Compilation of NCOs with conversion of only a single polymorphism (singletons) (A) and co-conversions (B) for A3, plotted as a percent of total NCOs. Values are Poisson adjusted. The 100-bp zone enriched for co-conversions is indicated by the lilac shading. NCOs are derived from all chromosomes tested except the A chromosome. (B) CO breakpoint cumulative distributions (right y-axis) for the indicated hybrids are also plotted; the arrow indicates the midpoint for all of the CO breakpoints. (C) Comparison of the frequency of co-conversion within and outside of the co-conversion zone. Intervals of similar sizes are compared for the number of co-conversions relative to total conversions involving one or both polymorphisms. Interval sizes within the co-conversion zone may differ slightly between hybrids because of polymorphism variation. Co-conversions outside and within the co-conversion zone were compared using a Fisher's exact test.

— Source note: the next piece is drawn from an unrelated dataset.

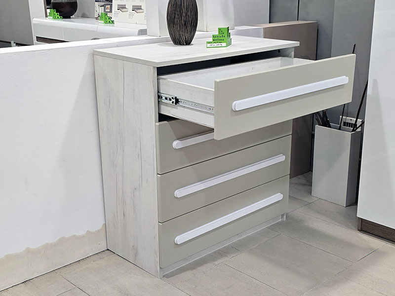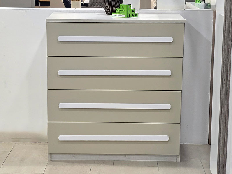 Намаление на скрин с четири чекмеджета модул 10 от модулна система ZARRA. Скринът е мостра в магазинът ни на ул. Генерал Стефан Тошев, 1-9 в гр. София. Лицата и дръжките са изработени от MDF, а корпусът от ламинирани ПДЧ.

Figure 5. CO refraction models

(A) Spo11-generated DSB formation is inferred to occur most often to the right of the CO refractory zone (salmon shading). Strand invasion generates heteroduplex DNA encompassing the imperfect inverted repeat (arrows), with indel-2 near the center. DNA repair synthesis causes torsional stress resulting in cruciform extrusion. (B) Heteroduplex rejection favors NCOs at the expense of COs. Recognition of the aberrant secondary structure by a helicase promotes dissociation of the invading strand and leads to SDSA, generating an NCO. (C) Nuclease cleavage leading to double-strand gap formation. Cleavage by a structure-specific nuclease, followed by dissociation, results in a double-strand gap which extends from the base of the inverted repeat to the Spo11 DSB site. Gap repair without reciprocal exchange generates an NCO with a longer gene conversion tract than normal, incorporating multiple polymorphisms (i.e., co-conversions).